= Critical Nuclear Weapon Design Information =

Category of U.S. top secret classified data

Critical Nuclear Weapon Design Information (CNWDI, often pronounced SIN-widdy or SIN-wuh-dee) is a U.S. Department of Defense (DoD) category of Top Secret Restricted Data or Secret Restricted Data that reveals the theory of operation or design of the components of a thermonuclear or fission bomb, warhead, demolition munition, or test device. Specifically excluded is information concerning arming, fuzing, and firing systems; limited life components; and total contained quantities of fissionable, fusionable, and high explosive materials by type. Among these excluded items are the components that DoD personnel set, maintain, operate, test or replace. The sensitivity of DoD CNWDI is such that access is granted to the absolute minimum number of employees who require it for the accomplishment of assigned responsibilities on a classified contract.
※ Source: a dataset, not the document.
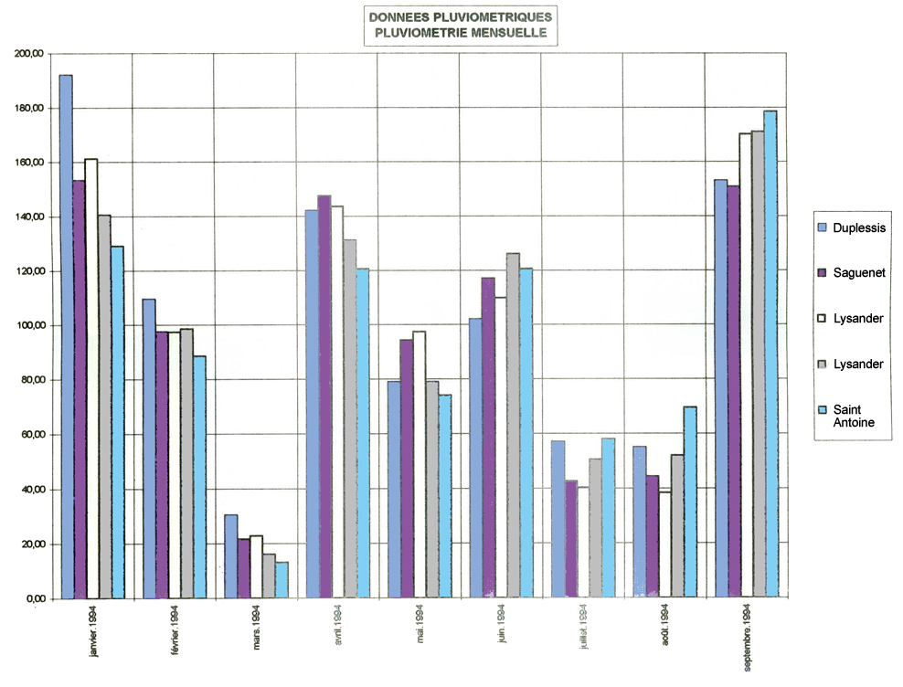 Voir les hauteurs pluviométriques enregistrées aux stations météorologiques les plus proches de la zone d’étude. On pourra noter qu’à la fin septembre 1994, plus de 900 mm de précipitations sont déjà tombés depuis le début de l’année, soit plus de la valeur annuelle moyenne.

Because of the importance of such information, special requirements have been established for its control.

==Markings==
In addition to other required markings, CNWDI material should be clearly marked, "Critical Nuclear Weapon Design Information-DoD Directive 5210.2 Applies." As a minimum, CNWDI documents shall show such markings on the cover or first page. Portions of documents that contain CNWDI shall be marked with an (N) or (CNWDI) following the classification of the portion. For example, TS(RD)(N) or TS(RD)(CNWDI).

==Weapon Data==
That portion of Restricted Data or Formerly Restricted Data that concerns the design, manufacture, or utilization (including theory, development, storage, characteristics, performance, and effects) of atomic weapons or atomic weapon components and nuclear explosive devices is called Weapon Data and it has special protection provisions. Weapon Data is divided into eight Sigma categories the protection of which is prescribed by DOE Order 5610.2, CONTROL OF WEAPON DATA. However, certain Weapon Data has been re-categorized as CNWDI.

==See also==
- Q clearance

==Sources==

- "National Industrial Security Program Operating Manual (NISPOM) DoD Directive 5220.22-M" (2006)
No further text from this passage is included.